# DATA SHOWN:
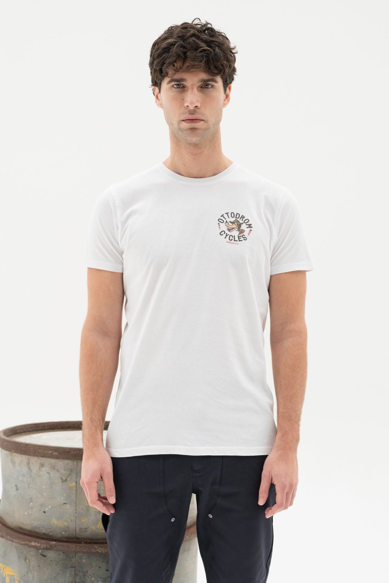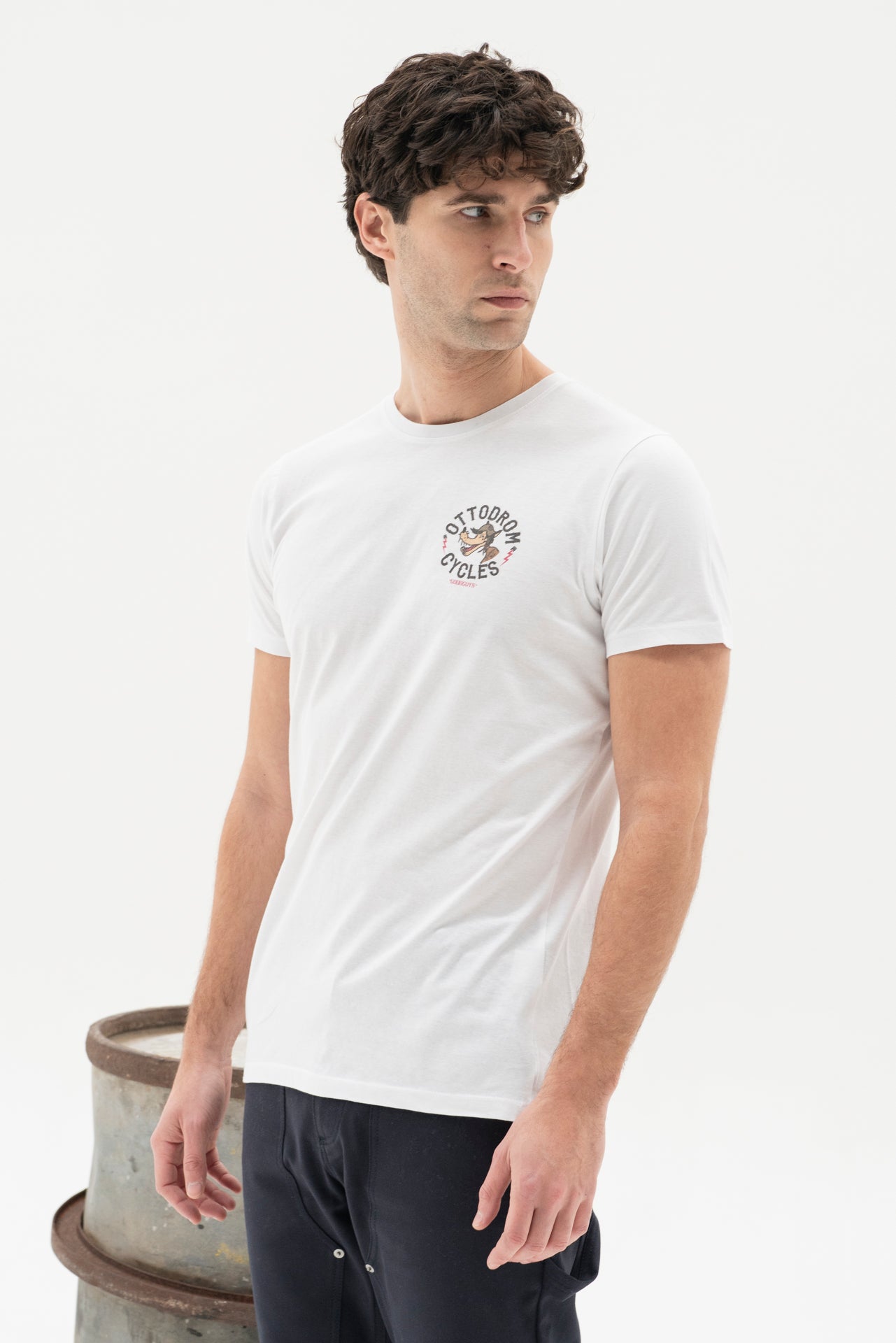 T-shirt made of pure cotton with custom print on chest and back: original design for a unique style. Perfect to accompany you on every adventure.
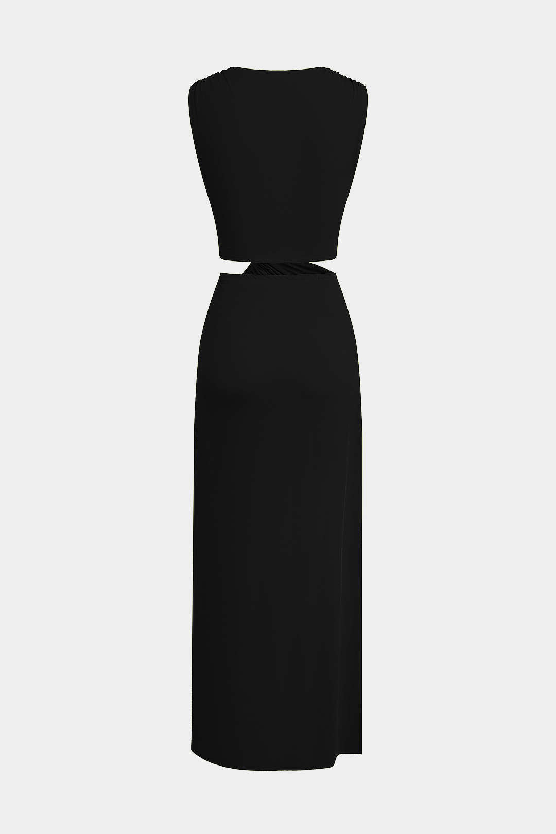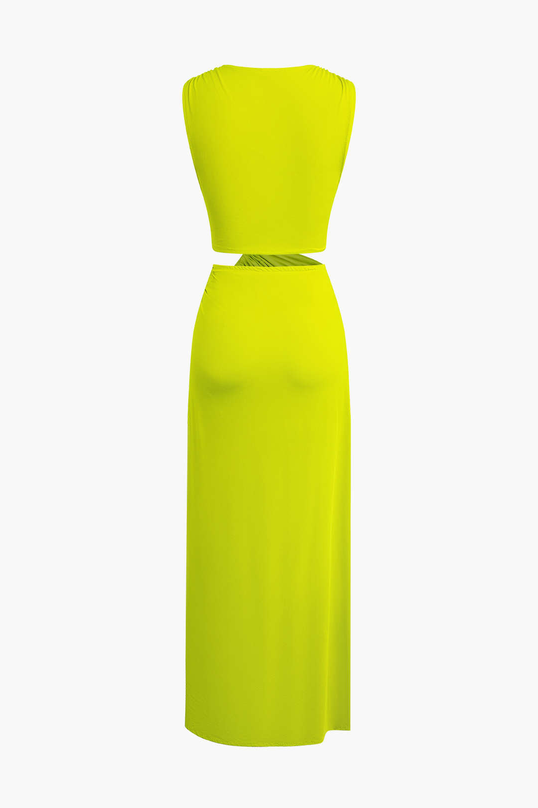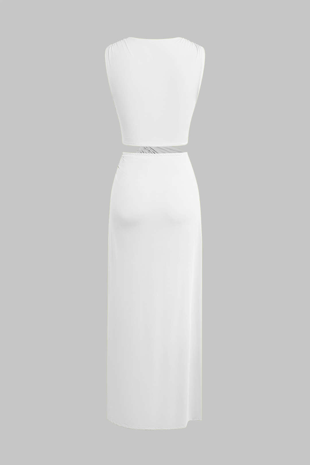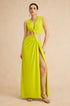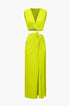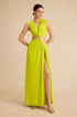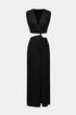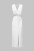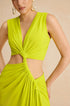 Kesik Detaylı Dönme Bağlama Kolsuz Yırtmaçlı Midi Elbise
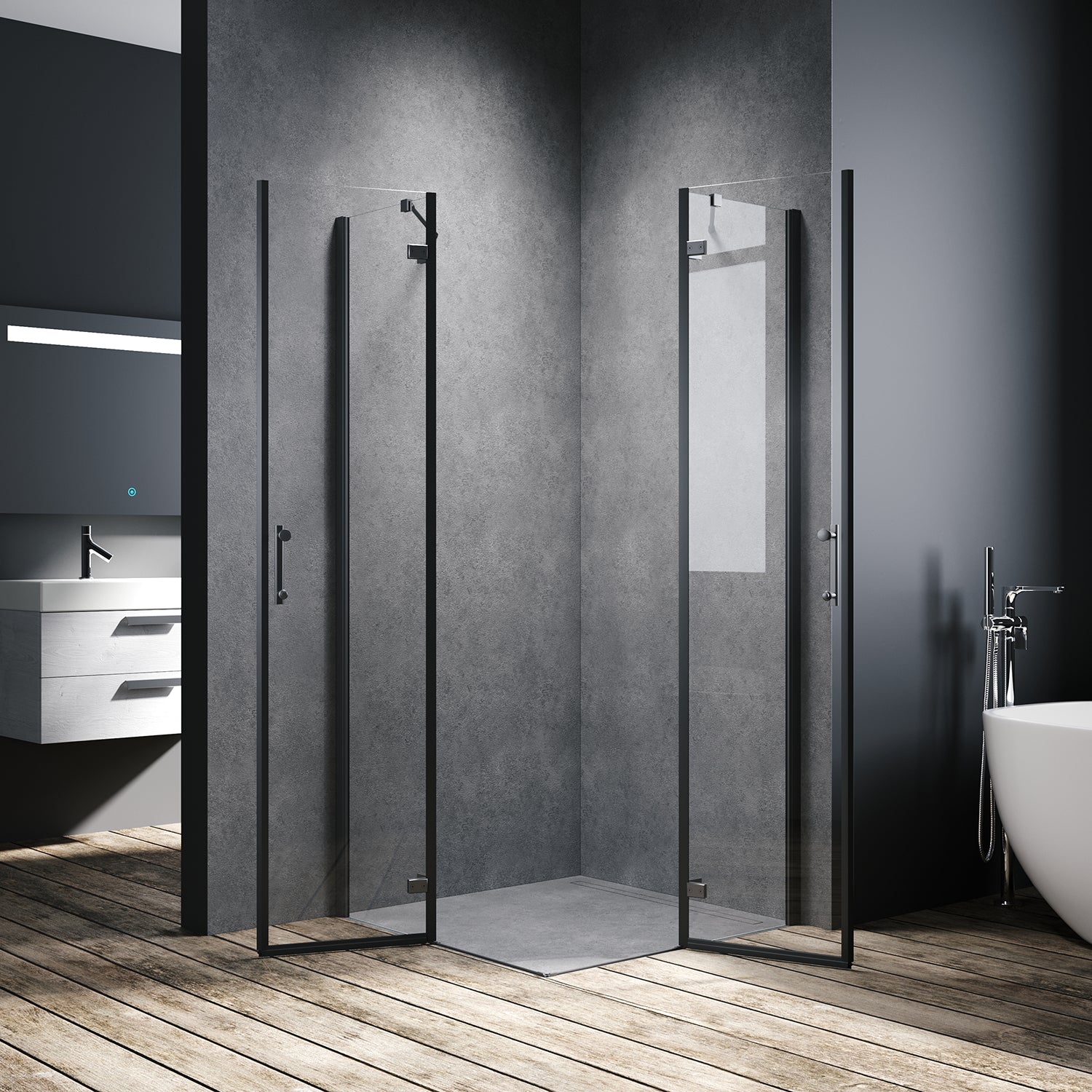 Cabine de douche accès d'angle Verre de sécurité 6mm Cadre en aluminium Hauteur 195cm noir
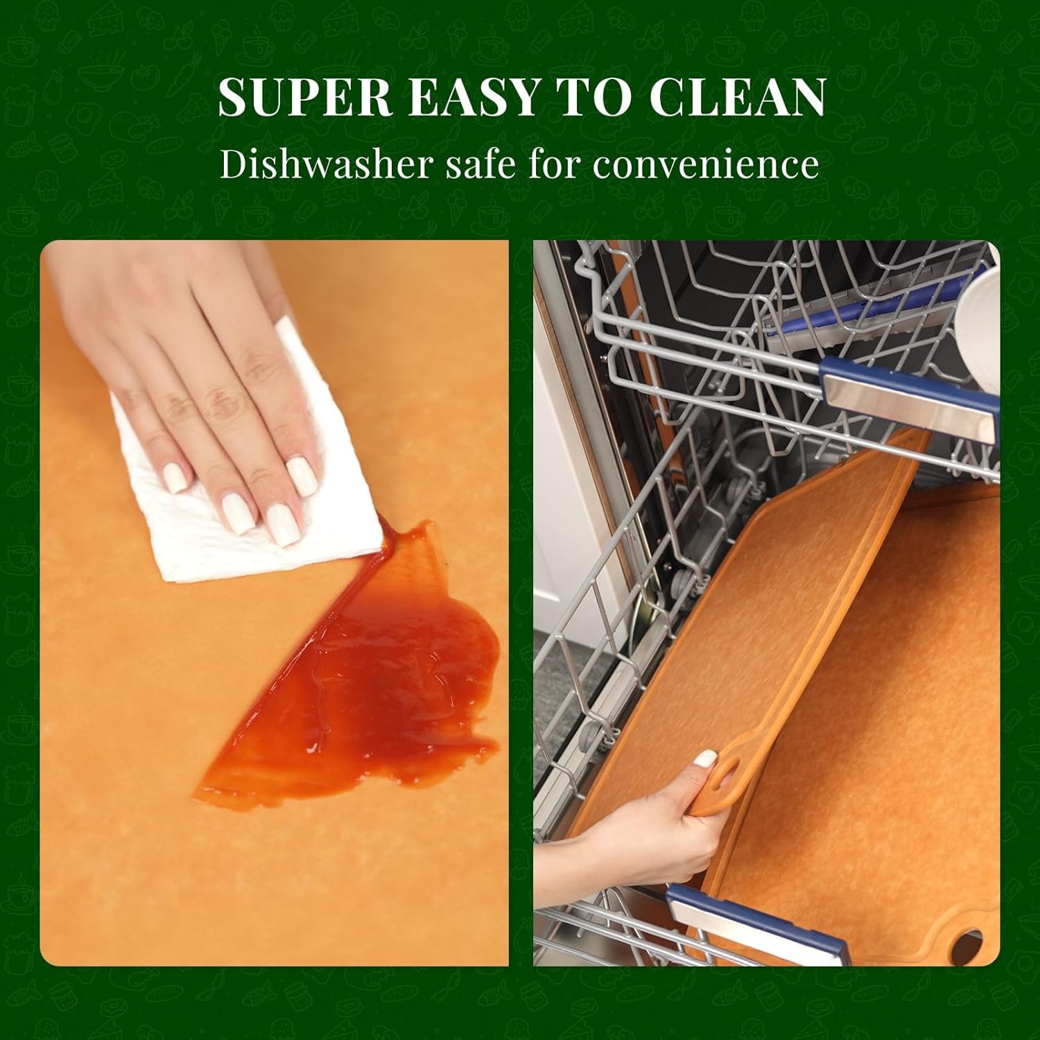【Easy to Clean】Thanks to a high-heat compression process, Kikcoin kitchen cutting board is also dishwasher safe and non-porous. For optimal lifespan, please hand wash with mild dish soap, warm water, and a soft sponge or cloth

# TO DO:
Starting with the line that holds "Cabine de douche", print each line through the last one of the data exactly as written, but do not include the pictures.

# OUTPUT BELOW:
 Cabine de douche accès d'angle Verre de sécurité 6mm Cadre en aluminium Hauteur 195cm noir
【Easy to Clean】Thanks to a high-heat compression process, Kikcoin kitchen cutting board is also dishwasher safe and non-porous. For optimal lifespan, please hand wash with mild dish soap, warm water, and a soft sponge or cloth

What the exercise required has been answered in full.